Turns out the insects have a history of making a bee-line for DiFruscio's house and calling it home.

DiFruscio discovered his winged squatters in 2007. He noticed bees swarming a tree in his backyard and followed their flights to a wood panel above a window at the house's rear.

A little more investigating found that space wasn't good enough -- or big enough -- for the bees.

They -- and as many as 80,000 of their friends -- had decided to set up shop in the joists of DiFruscio's home.

Rather than grab a can of Raid, DiFruscio called a contractor who had local beekeeper Rudy Hein on staff. Hein pressed a telescope to a wall in the house-turned-hive and confirmed what had DiFruscio all abuzz.

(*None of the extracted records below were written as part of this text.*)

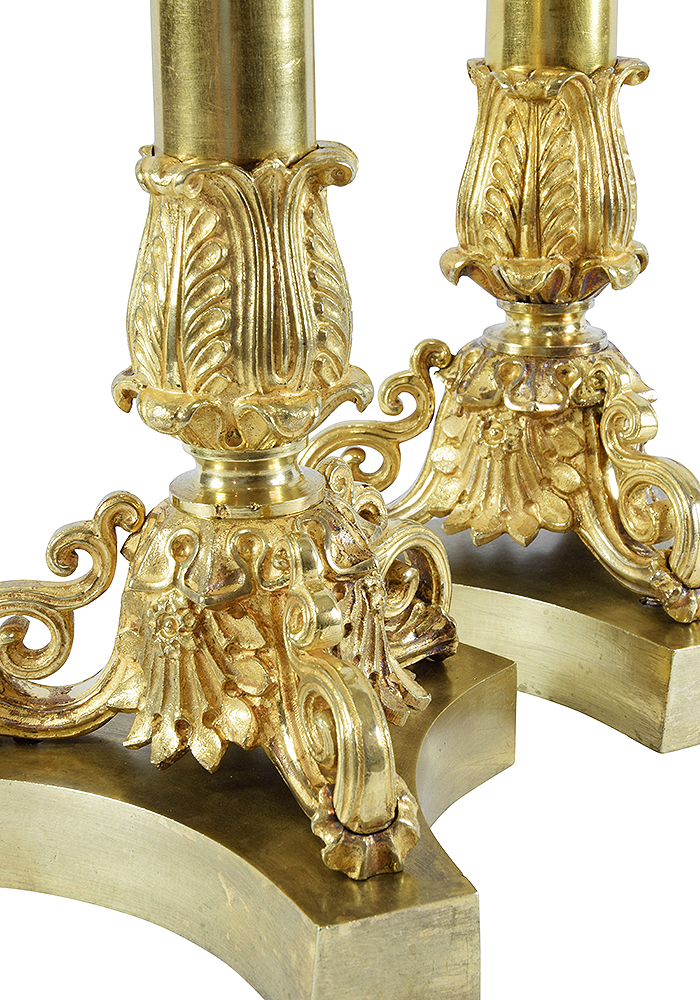 Fine et très belle paire de bougeoirs d’époque Charles X. Constitué de bronze finement ciselé doté d’une dorure de qualité au mercure, authentique et en excellent état de conservation. Base tripode, piétement à enroulement et d’un décor général de feuilles d’acanthe et palmettes. Porte bougie équipé de leur bobèche d’origine et amovible.
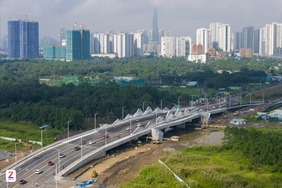cầu đường Liên Phường. Đây là trục giao thông huyết mạch tại khu Đông TP.HCM, góp phần giảm tải cho nút giao An Phú đã chính thức thông xe sáng 8/11. Ảnh: Quỳnh Danh. |
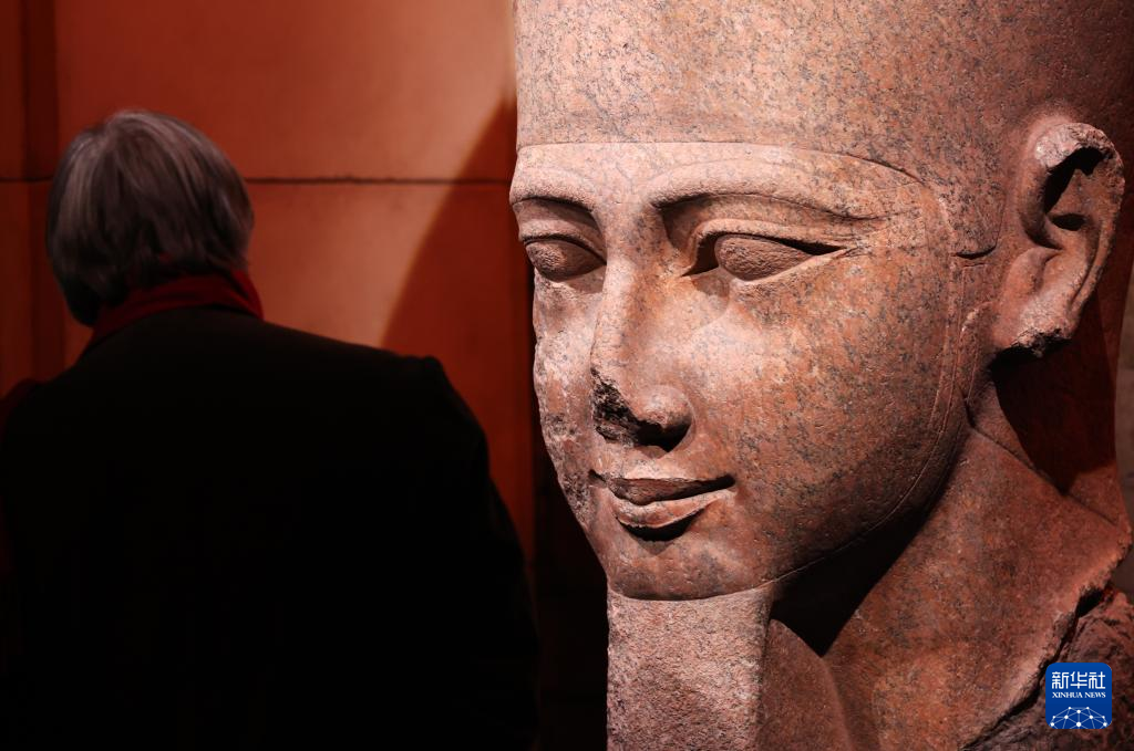 4月6日,媒體記者在法國巴黎參觀拉美西斯二世頭部雕像。
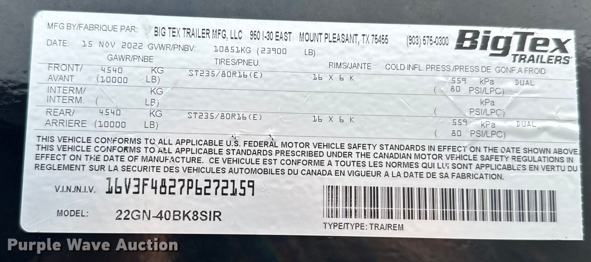 Purple Wave is selling a used Equip. Trailer in Kansas. This item is a 2023 Big Tex 22GN-40BK8SIR equipment trailer with the following: VIN: 16V3F4827P6272159

There was "lots of humming" behind the plaster coming from three colonies of honey bees living in the walls of DiFruscio's bedroom, a bathroom and his daughter Hannah's room, Hein said.

The DiFruscios had to evacuate their home for a week as plaster was peeled back, revealing the busy bees.

Hein hunted for the queens, putting one in a hive box outside the house, coaxing the rest of the colony to follow. Hein also lured the bees by moving the many honey combs he found.

Problem is, most of the fragile wax crumbled in his grip, leaving pools of sticky honey behind.

"I've never seen anything like it. It was a huge mess," Hein said.

But seven days later, DiFruscio had back his house, in the process of being renovated anyway, and an $8,000 bill that insurance didn't cover.

Then, he learned his saga was to bee -- er, be -- continued.

Back with his stethoscope, Hein said DiFruscio's house is humming again.

The third colony from 2007 was in a tough to reach spot behind near the chimney, he said. After a summer hiatus last year, the bees returned, likely drawn back by the smell of food left behind after their last visit.

DiFruscio wishes they would buzz off. He figured he's looking at another $3,000 job to tear his house apart to help the bees along.

"I feel kind of blessed in a sadistic kind of way that the bees are trying to make their home in my place," DiFruscio said. "Rudy will take them away and make a good home for them."